As it continues to be more and more difficult to meet basic needs, Americans are suffering and afraid. Well....most of us anyway. The exception would be the top one or two percent who are buying the services of our governments at all levels, local to national. Those folks are in better shape than they ever have been . The current income disparity in the US is the widest in our history. They also seem to have a pressing interest in ensuring that the US economy will continue to be structured to re-distribute wealth... Upward.... To them. The attack on the public unions is a keystone in this re-distribution plan.
For the last 30-40 years , there has been a continuous broadcast message from the right. It comes in many forms and is applied to the concept of unions in general. It runs something like this.. Unions are monopolies that hold vital services hostage for unfairly high compensation. Unfairly high union compensation prevents businesses from hiring more workers or investing more in the growth of the business. Unions have outlived their usefulness and now represent only an outmoded drain on the economy. In short and to paraphrase into the vernacular of the current debate: Unions are milking the rest of us for unfairly high wages and benefits, which is killing business and thus contributing to the enormous unemployment levels AND (most importantly to this post), public unions in particular are causing a huge portion of the budget shortfalls that governments at all levels are experiencing. This message has been generally successful. The membership of unions in the private sector has plummeted in the last (nearly) three decades leaving public unions as the bastion of union activity in the US. Unions, having been the source of not only improved conditions for all American workers, but a major source for limitations on how employers may exploit their work forces, it is unsurprising that the last major bastion is under attack by the corporate-owned lawmakers.

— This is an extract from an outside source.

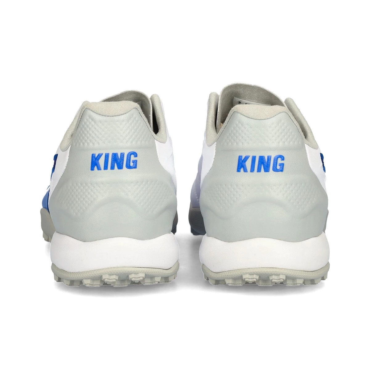 Puma King Pro Turf football boots. Synthetic boots to be used on carpet or artificial grass fields fields. Mid-range boots in White-Bluemazing-Flat Light Gray colourway.

My general public unions discussion with the RW tweeter is the topic of the prior post on this blog, as are some of the many benefits the country and ALL of its workers (union and non) have received as a by product of the union movement in the US. This further post regards the later discussion I had with the anti-public-union tweeter that evening. Further poking produced statements from my tweetmate that indicated that he did not regard "government workers" as part of the general "evil public union" group we were discussing.....Er....Wha..???
Yet more poking revealed that what he was actually after were teachers. A reflection of the concerted attack on teachers unions which has, of late been such a frequent feature of the current GOP overreach program and the media coverage thereof. I guess I should not have been surprised. After all, turning the spin machine against teachers unions is a triple win for the conservatives as it encompasses three of the things they like least. Unions, public education and, well.....education in general. So then lets do talk a bit about teachers.
My absolute favorite of the lies...err...talking points that the Right likes to spout regarding teachers, is that of how incredibly overpaid they are as a group. 'They make SO MUCH MORE than the average American and yet they only work 6 hour days and 9 months a year!' Really?....Lets look at that claim a bit more closely.
Average per capita income for the US in 2009 was around $39,000. Average income for teachers of all public school varieties for the US is about $42,000 annually. Slightly higher than the national average for everyone, but hardly a massive difference. Bear in mind, those numbers are a direct comparison between teachers and absolutely everyone else. Teachers however, have some base requirements in order to get a job that are NOT directly comparable to everyone else in the country. I am speaking, of course of the general requirement that they have at least a Bachelor's degree (usually in education) in order to be allowed to teach our children.
Let us then take a look at where teachers' income levels lie with regards to everyone else in the US with at least a Bachelor's degree. This is a very different story. In a study of average earnings by educational attainment, the average for all adult males with at least a Bachelor's degree is about $94,000. For females of the same stripe its about $60,000, Compared to their educational counterparts in the general populace, suddenly the teacher salary is still out of line, but this time it is significantly out of line on the down side. (The disparity which still remains between men and women is a subject for a different time) Lets move along to what teachers have to do in order to earn that salary, which is about 54% of the average of their comparably educated counterparts in the non-teaching world.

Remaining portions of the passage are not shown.